In connection with this is the crappy and nationalistic coverage of the media, and the bizarre kinds of games that exist. Subjectively evaluated "sports" such as synchronized swimming, and even basketball (sorry) are not real games. These are subjectively evaluated, scored, and refereed. A true game should have simple and self-evident criteria for winning. This is true of foot races, shot put, javelin throws, etc. Anybody can see who arrived first, which went farther, etc. It should be possible to measure the results with a machine such as a scale, sensor, or tape measure. The medieval Olympic games degenerated into circuses, too, and we are following that natural path of development or devolution. These circuses also distract people from useful social work which could be done on a global scale.

5. Class and Oppression
The Olympic games are usually a good excuse to tear down old buildings, throw poor people out of their apartments to renovate them to rent to visitors, beef up the police force, spy on citizens, fly lots of helicopters over the city, etc.

I could come up with a few more things I dislike about them, the environmental waste, the runaway corporatism, and so on, but this will do for now. It may seem like a good idea in principle to get the world's athletes together every once in a while for a massive series of games, but it has got to be overkill from the point of view of many. So many games are going on and most of them will not be watched or televised. It would be better to have a series of small competitions the way the world cup in soccer and other sports is done. I could probably be persuaded of some good effects of the games, but overall I find more to disgust me than inspire me.

Watching the Olympics makes me feel I am watching a row of dogs chained to their kennels, straining furiously at their chains, perhaps to see which one can get the closest to a passing cat.
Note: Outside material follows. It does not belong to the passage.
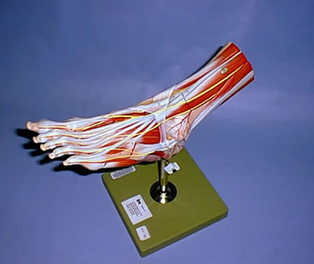 Life size, dissectible into 8 parts. Muscles of foot with lower leg. Plantar fascia and superficial muscles removable to show deep structures.

All the chains are the same length, but the cat may venture a little closer to one and one dog may feel that he really scared it and got the respect of the other dogs. The dogs are just hurting themselves the harder they strain to get the cat. Similarly, athletes are driven to do unhealthy things due to the money and politics of the games. The spectator fetish led to the corporate interest and money in the game, which led to athletes doping themselves, ruining their health and setting bad examples with their prostituted short athletic suicide lives, hopefully bringing down the whole decayed system to be replaced with the old family/neighborhood/community good-natured sports model, except now it is played with a Wii.

I do like China, though. And Taiwan. And the Dalai Lama. Long live Tibet! Can't we all just get along? I'm glad that China got a chance to hold the games, if it is important to them (and it is).